The association analysis of TLR2 and TLR4 gene with tuberculosis in the Tibetan Chinese population.

BACKGROUND: The present study was undertaken to explore the relationship of Toll-like receptor (TLR) 2, TLR4 genes polymorphisms with Pulmonary tuberculosis (PTB) risk in a sample of Chinese population.
METHODS: For this study, we recruited 467 subjects with PTB and 504 healthy subjects from a Tibetan population living in near or in Xi'an, China. Association analyses of single-nucleotide polymorphisms (SNPs) in TLR2 and TLR4 were performed with SPSS Statistics (version 17.0), SNPStats, Haploview (version 4.2), and SHEsis software.
RESULTS: The research results that is association analysis of pulmonary tuberculosis show there are two increased-risk SNPs (rs7696323, OR=1.32, 95%CI =1.08-1.62, P= 0.007; rs12377632, OR=1.30, 95%CI =1.09-1.55, P= 0.004) and three decreased-risk SNPs (rs3804099, OR=0.64, 95%CI =0.52-0.79, P= 1.9510-5; rs3804100, OR=0.67, 95%CI =0.54-0.82, P= 0.0001; rs11536889, OR=0.54, 95%CI =0.42-0.69, P= 9.1410-7).
CONCLUSIONS: We found that two SNPs are associated with increased PTB risk and three SNPs decreased PTB risk in the Chinese Tibetan population. Our findings demonstrate an association between TLR2 and TLR4 polymorphisms and PTB.

INTRODUCTION

Pulmonary tuberculosis (PTB) is caused by Mycobacterium tuberculosis (M. tuberculosis) and is one of the leading causes of death worldwide. Since 1980, the PTB incidence and mortality rate have increased rapidly [1]. There are more than 9 million people with PTB, and more than 1.7 million people have died of PTB [2]. The incidence of PTB in Asian countries accounts for 60% of the worldwide total. The number of PTB patients in China is the second largest in the world, and China is ranked on a list of 22 high-burden countries. Although M. tuberculosis has infected almost one-third of the population worldwide, only 10% of patients produce corresponding clinical symptoms during their lifetime [3], illustrating that additional factors may influence the incidence of disease among different individuals.

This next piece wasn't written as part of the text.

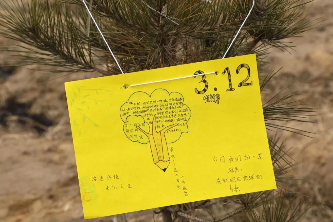种植一份希望,梦想一片未来。以班级为单位,每班的学生把写有寄语的心愿卡系在了自己栽种的松树上。从学生微笑的脸庞上,我们能感受到他们满满的喜悦和成就感。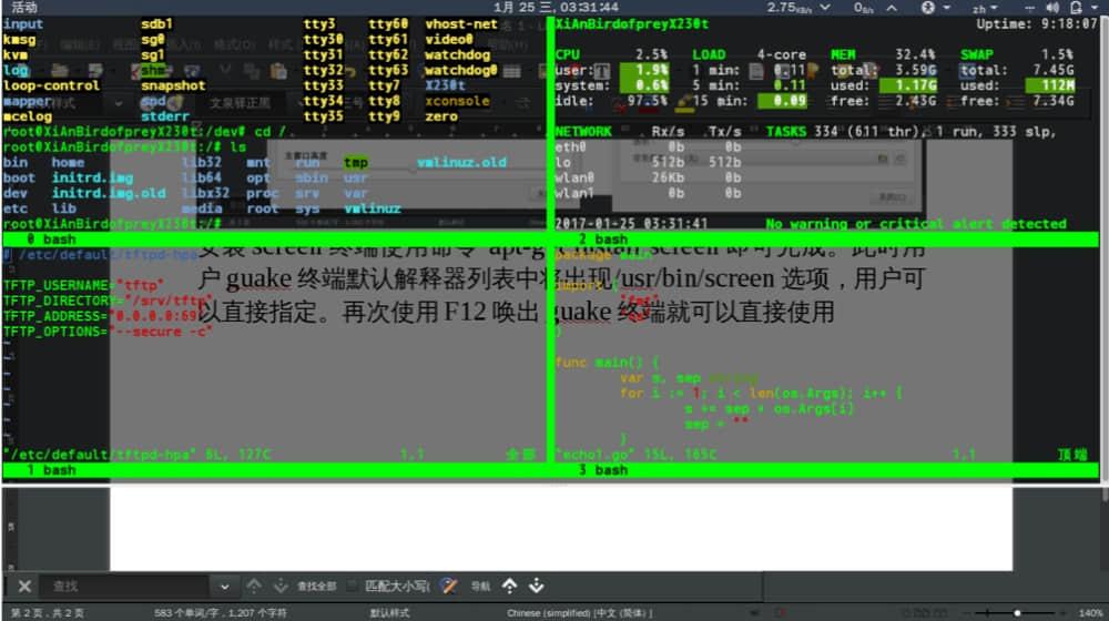 此时用户 guake 终端默认解释器列表中将出现 /usr/bin/screen 选项,用户可以直接指定。再次使用 F12 唤出 guake 终端就可以直接使用 screen 快捷键进行分屏操作了。

Previous studies have identified genes that confer disease susceptibility by regulating the immune response [4, 5]. A twin study found that PTB concordance in identical twins is2-fold higher than that in non-identical twins [6]. Thus, we expect that identification of host genetic factors for PTB susceptibility might play a key role in PTB control worldwide. Genetic research has provided insight into tuberculosis, including the pathological and cytological bases of PTB. Several genes that influence PTB risk have been identified, including VDR, MBL, TLR, and P2×7 et al. [7-9].

Among them, the polymorphism of TLR2 and TLR4 genes were considered to be the most closely related Toll-like receptor members of immunity and inflammation. The cooperation between TLR2 and TLR4 dependent signaling plays a crucial role in macrophage apoptosis triggered by PTB [10].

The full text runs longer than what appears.